Fake balanced routing in MoE #1670

rakkit · 2025-09-01T10:38:03Z

we can set DEBUG_FORCE_LOAD_BALANCED=1 to force each experts get same amount of tokens.

reprodue: DEBUG_FORCE_LOAD_BALANCED=1 CONFIG_FILE="./torchtitan/models/deepseek_v3/train_configs/debug_model.toml" NGPU=4 ./run_train.sh --compile.enable

here is test on 8layers, 8 activate and 64 total experts. Green one is vanilla one and purple one is with force load balance

torchtitan/models/moe.py

rakkit · 2025-09-23T04:45:45Z

Thanks for the comments, I’ve updated the code as per your suggestions.

It seems that variables starting with _ broke CLI. so left it as training.debug_moe_force_load_balance.

tianyu-l

Thanks a lot, left some final nit comments.

torchtitan/models/moe.py

torchtitan/config/job_config.py

garrett361 · 2025-09-24T01:14:48Z

Out of curiosity, what's your use case for this @rakkit ? I've used forced MoE balancing before to ensure I can run my model setup without OOMing in (at the very least) the well-balanced routing regime and to find the best-case throughput, but wondered if you had other reasons.

Same question for @tianyu-l ; maybe the above and also for test cases?

PS: a little tangential, but I have (messy) code for aggregating MoE routing stats across PP ranks so that all layer stats get reported, in case you're using pipeline parallel and ever need that.

tianyu-l · 2025-09-24T02:08:19Z

@garrett361

Same question for @tianyu-l ; maybe the above and also for test cases?

I think also for getting an idea of throughput under some specific setup, without the impact of load imbalance, which is also along the lines of

to ensure I can run my model setup without OOMing in (at the very least) the well-balanced routing regime and to find the best-case throughput

rakkit · 2025-09-28T22:31:36Z

Thanks a lot for the comments @tianyu-l, these are solved now!

rakkit · 2025-09-28T22:53:11Z

Thanks @garrett361, sry for the late response.

what's your use case for this

As tianyu said, the main motivation is testing throughput more conveniently.
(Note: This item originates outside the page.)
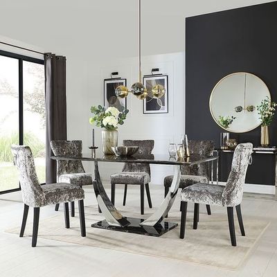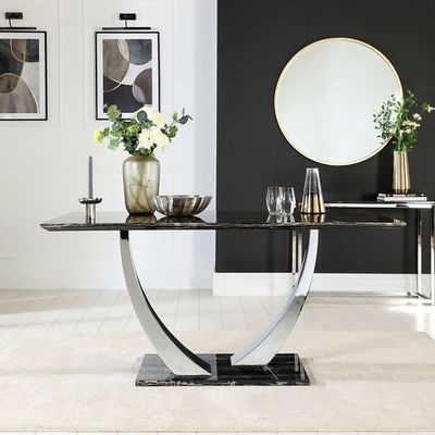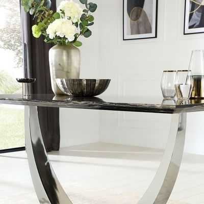 Meja makan perak stainless steel marmer hitam chrome ss 150 * 90 * 75 ukuran

We also noticed that enforcing load balance helps avoid OOM. We plan to run extensive throughput checks (similar to HF’s Ultra-Scale Playbook) once MoE+Compile becomes available in torchtitan.

PS: a little tangential, but I have (messy) code for aggregating MoE routing stats across PP ranks so that all layer stats get reported, in case you're using pipeline parallel and ever need that.
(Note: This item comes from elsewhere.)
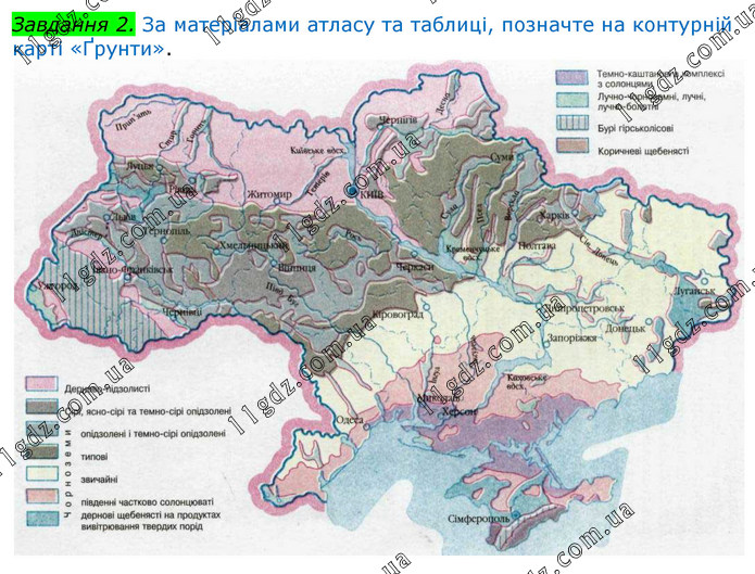 За матеріалами атласу та таблиці, позначте на контурній карті «Ґрунти».

Thanks a lot! Can you pls share the link to the code? For our use case(here), we decide to log each PP stage separately, since torchtitan supports creating a wandb run per rank via save_for_all_ranks.

The reason are 1) we have lots of log entries on each PP-stage from the Muon/Scion optimizer (we have a preprint on arXiv maybe this week), which provide better insight into training dynamics than simply tracking the global gradient norm. and 2) Aggregating metrics across PP stages requires extra communication. Its ok for most PP strategies, but I feel its awkward for zb-v (zero-bubble PP), where optimizer.step runs sequentially along PP stages. In that case, communication would add sync overhead to async steps, or we’d need buffering for proper logging.

tianyu-l

Thanks a lot! Had one last nit comment.

tianyu-l · 2025-09-29T05:11:43Z

torchtitan/config/job_config.py

    """Use deterministic algorithms wherever possible, may be slower"""

+    debug_moe_force_load_balance: bool = False
+    # if True, we force each experts get same amount of token via round-robin


One last nit to let arg parser pick up the helper message.

Suggested change

# if True, we force each experts get same amount of token via round-robin

"""If True, we force each experts to get the same amount of tokens via round-robin. This option is for debugging usage only."""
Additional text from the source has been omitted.